The “supersymmetry” theory has just been dealt another blow by the Large Hadron Collider (LHC). New data from ultra-high-speed proton collisions has provided fresh evidence of subatomic activity and this new insight is consistent with the mainstream Standard Model of particle physics.

To understand the significance of these results, it’s important to go back to the basics. The Standard Model describes the fundamental particles that make up the universe and how they interact. It’s currently one of the best descriptions of the subatomic world, according to CERN, but there are some glaring gaps in information. It can’t describe gravity, can’t explain why there is dark matter, and can't predict the mass of the Higgs Boson.  


There are extensions to the Standard Model and researchers are looking for discrepancies within it that could be indications of new physics. This is where supersymmetry theory comes in.

“Supersymmetry predicts that every particle in the Standard Model has a so-called partner, also known as superpartners particles, which could solve a number of problems. For example, the superpartners could be candidates for dark matter,” William Sutcliffe, a Ph.D. student at Imperial College London’s High Energy Physics Group, tells IFLScience.

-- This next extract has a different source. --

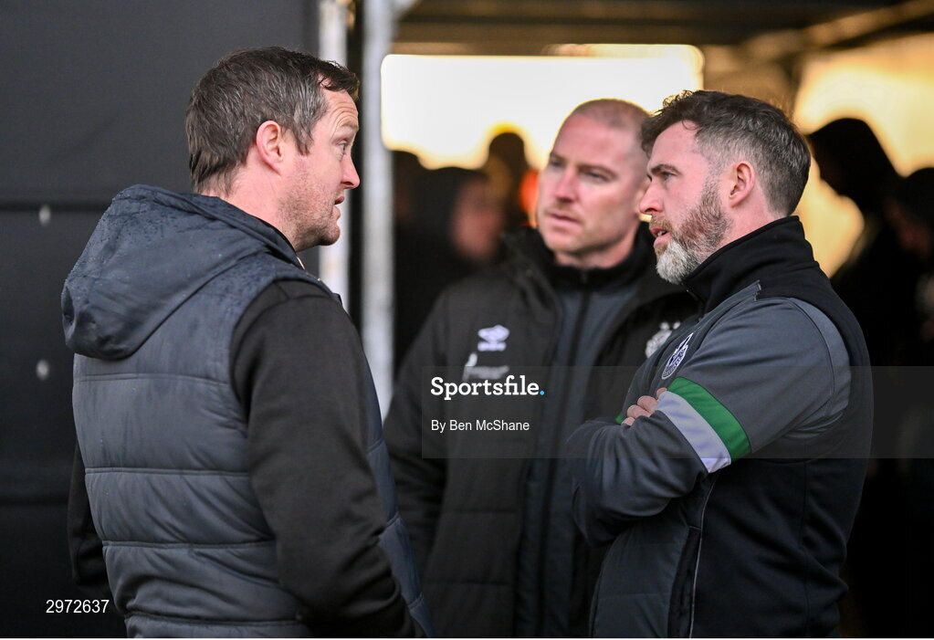 27 October 2024; Dundalk manager Jon Daly, left, in conversation with Shamrock Rovers manager Stephen Bradley, right, and assistant coach Glenn Cronin before the SSE Airtricity Men's Premier Division match between Dundalk and Shamrock Rovers at Oriel Park in Dundalk, Louth. Photo by Ben McShane/Sportsfile

Sutcliffe was among a large international team of scientists who looked into the behavior of quarks, which are subatomic particles that make up protons and neutrons. There are six different types, or flavors, of quarks: up/down, charm/strange, and top/bottom. Researchers specifically looked at the bottom quark, also known as the 'beauty quark,' which is heavier and able to shift shape. The bottom quark usually transitions to a charm quark, but in rarer occasions it can transform into up quarks.

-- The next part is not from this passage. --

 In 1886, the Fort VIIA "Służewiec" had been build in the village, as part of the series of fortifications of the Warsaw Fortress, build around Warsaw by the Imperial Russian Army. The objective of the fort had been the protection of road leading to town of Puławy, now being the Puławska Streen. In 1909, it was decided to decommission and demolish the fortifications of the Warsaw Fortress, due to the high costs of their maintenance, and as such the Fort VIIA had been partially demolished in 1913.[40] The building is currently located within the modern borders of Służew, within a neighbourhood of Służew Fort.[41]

“We studied the transition of a bottom quark to an up quark and previously in this transition there have been some discrepancies that pointed towards right handed coupling. This could be an extension of the Standard Model,” Sutcliffe explains. “Supersymmetry theory is one way you could have a right handed coupling.”


In the findings, published in the journal Nature Physics, the measurements didn’t show any right-handed coupling. In the end, researchers obtained a result that was consistent with the Standard Model: bottom quarks seemingly only decay into up quarks if they have a left-handed spin, ABC reports. This is a blow to supersymmetry, but that hasn’t ruled out the theory. And just the fact that researchers were able to do this measurement, which was previously thought to be too challenging, is impressive.

“It’s quite a big deal that we were able to measure this transition of bottom quark to up quark. It’s like searching for a needle in a haystack,” Sutcliffe says.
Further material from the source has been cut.